**WHAT TO WORK ON:** Your reply should consist only of the lines from the one with "2013年7月,当时刚就任巴" through the end of the entries, transcribed exactly. Pictures stay out.

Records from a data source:
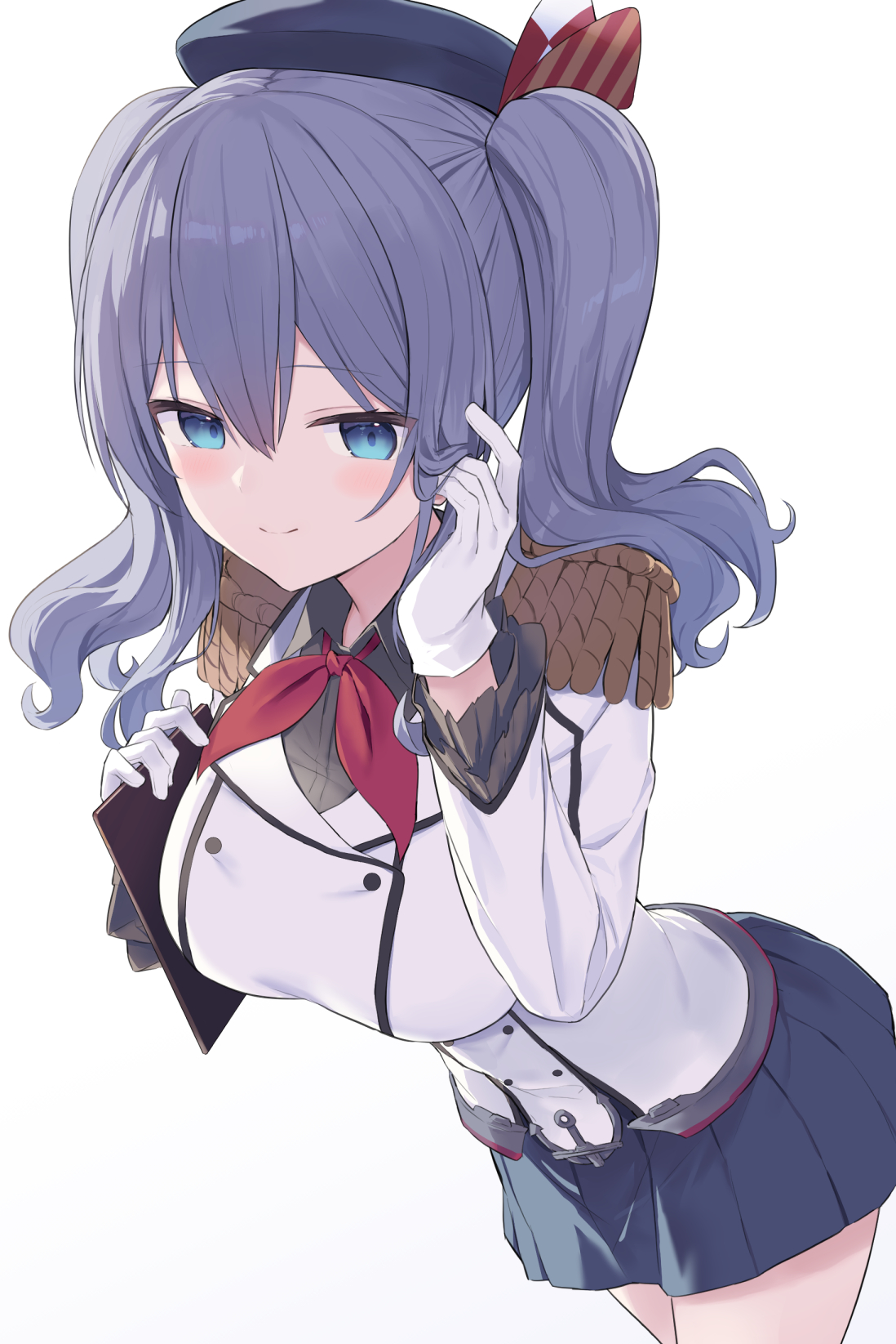 1girl beret blue_eyes breasts clipboard cowboy_shot epaulettes frilled_sleeves frills gloves grey_hair grey_skirt hat highres jacket kantai_collection kashima_(kancolle) large_breasts long_hair long_sleeves looking_at_viewer military_jacket military_uniform neckerchief pleated_skirt red_neckerchief shikuro_(iorimiyakiyo) simple_background skirt solo twintails wavy_hair white_background white_gloves white_jacket
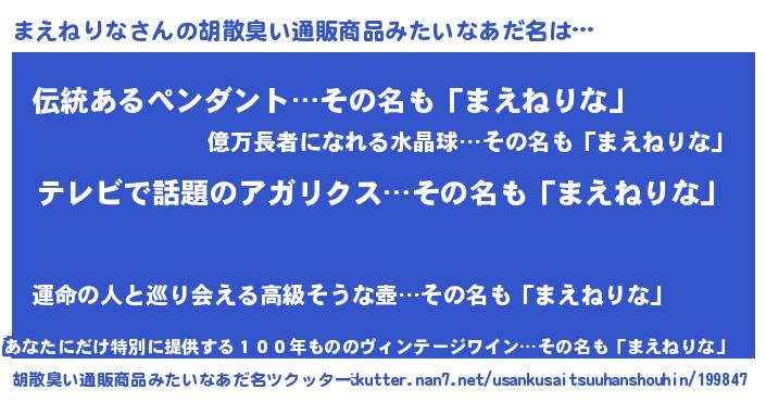 | 意味不明あだ名 | 『自称まえねりな』『ニラ科まえねりな属』 |
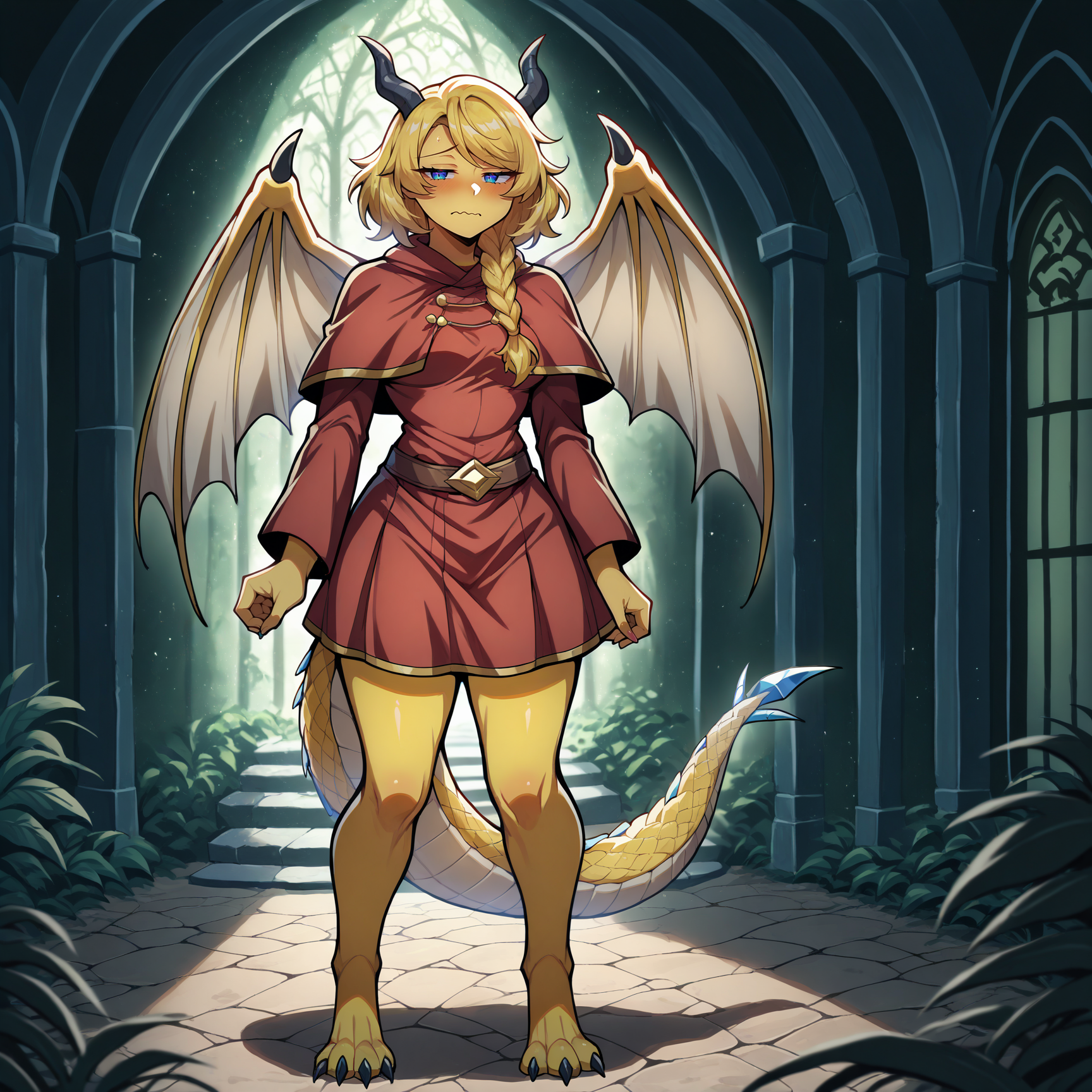 Physical Prompts 1girl, solo, gold hair, medium hair, single braid, front braid, swept bangs, dragon horns, dark grey horns, animal feet, black claws, (yellow skin:1.3), dragon girl, dragon tail, dragon wings, slit pupils, scales, yellow scales, blue scales, blue stripes, dark blue eyes
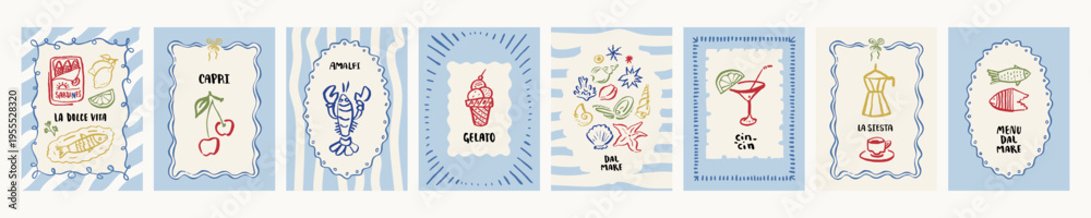 >Naklejki na ściany i meble>Wybrane motywy - zobacz więcej !>Lew>Italian summer vacation prints in sea blue colors. Amalfi coast poster wall art. Coastal Italy poster set. Vintage vector food illustrations. Naive sardines, lobster, seafood icons doodle sketches
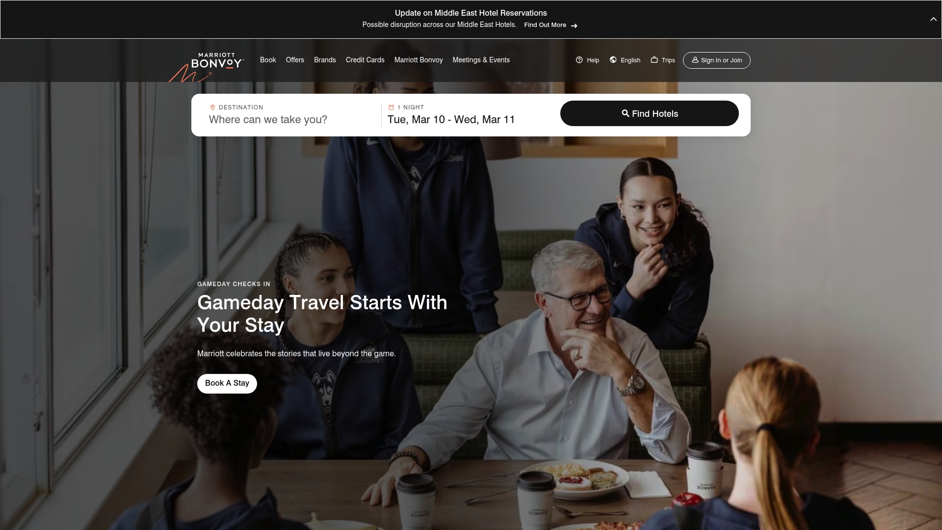 A business traveler books a room for an international conference through Marriotts official website and earns loyalty points for the stay. A family from Ohio chooses a nearby Marriott for a weekend while evaluating a cabin purchase in Kentucky.
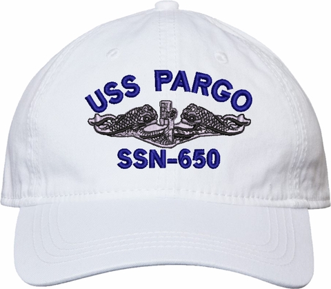 Show your Navy pride with this USS Pargo SSN-650 with Dolphins Unstructured Dad Cap from MilitaryBest. Crafted from 100% washed chino twill cotton, this six-panel, low-profile cap offers a relaxed and comfortable fit. Featuring high-quality embroidery done in our Scottsboro, Alabama facility, this cap is designed with a pre-curved visor and an adjustable tri-glide buckle closure for a perfect fit. Whether for everyday wear or as a meaningful gift, this cap is a great way to honor your own or a loved one's service.For caps ordered with custom embroidered personalized text please allow an additional 3 to 5 days production time. All custom back text will be embroidered in ALL CAPITAL LETTERS. Caps with back text or eggs are non-returnable unless there is a material defect in the cap.
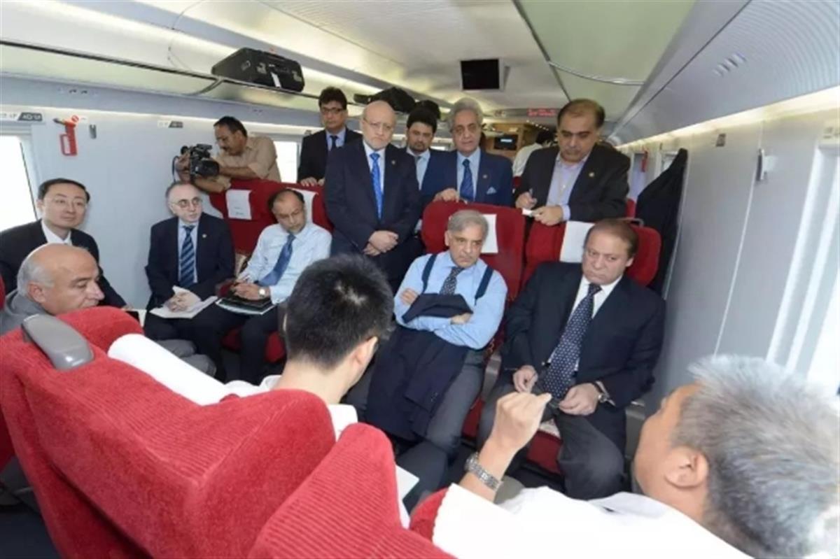 2013年7月,当时刚就任巴基斯坦总理一个月的谢里夫,将海外的第一次访问选在了中国。访华期间,高铁、轨道交通等基础设施建设是他最感兴趣的地方。在当年的7月4日体验了北京地铁后,7月6日,谢里夫乘坐京沪高铁从北京前往上海,亲身体验中国高铁的建设成果。
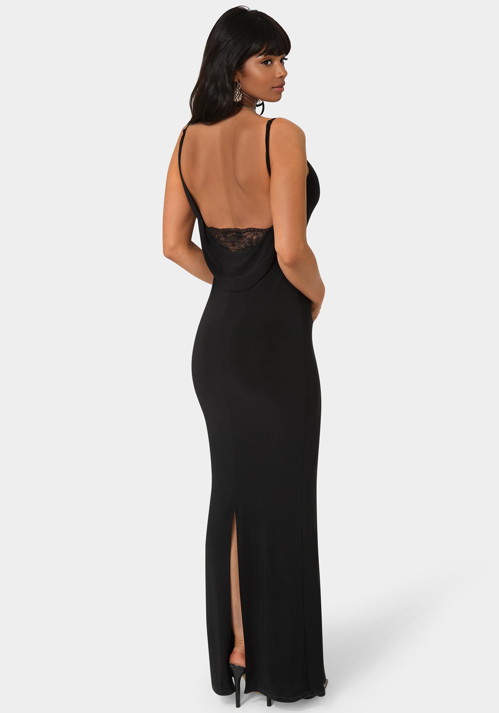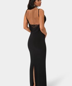 Sultry meets romantic in this backless maxi featuring delicate lace insets. Perfect for intimate dinners or enchanting celebrations, it’s designed to make an impression from every angle.
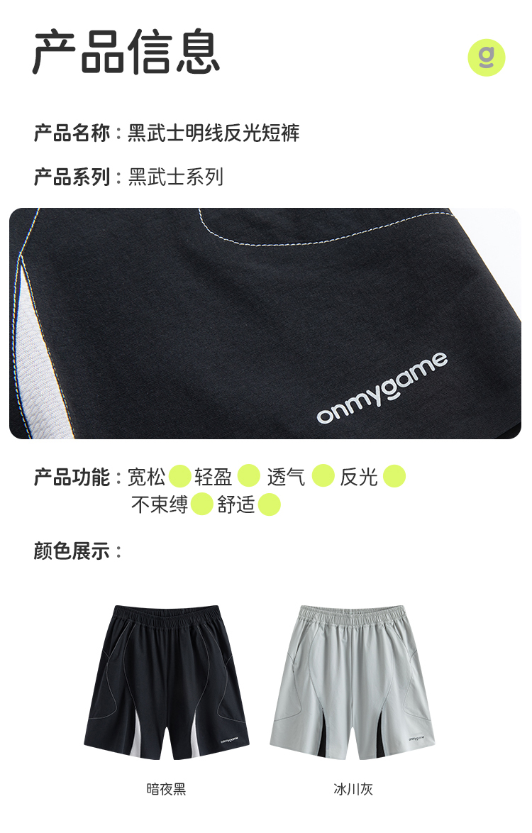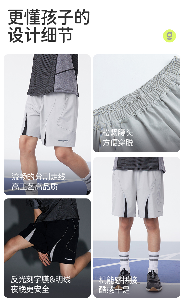 onmygame【黑武士】男童短裤儿童明线无缝贴合运动裤2025夏季新款
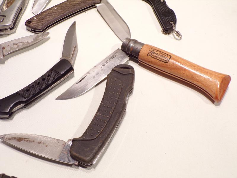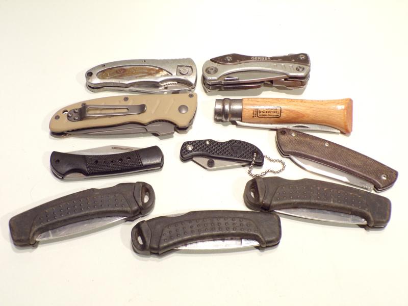 10 various folding knives including Multi blade and camping Knives, some top brands including Choix, Gerber, Magnum, Inox etc all in used condition.

**SOLUTION FOR THIS PROBLEM:**
 2013年7月,当时刚就任巴基斯坦总理一个月的谢里夫,将海外的第一次访问选在了中国。访华期间,高铁、轨道交通等基础设施建设是他最感兴趣的地方。在当年的7月4日体验了北京地铁后,7月6日,谢里夫乘坐京沪高铁从北京前往上海,亲身体验中国高铁的建设成果。
 Sultry meets romantic in this backless maxi featuring delicate lace insets. Perfect for intimate dinners or enchanting celebrations, it’s designed to make an impression from every angle.
 onmygame【黑武士】男童短裤儿童明线无缝贴合运动裤2025夏季新款
 10 various folding knives including Multi blade and camping Knives, some top brands including Choix, Gerber, Magnum, Inox etc all in used condition.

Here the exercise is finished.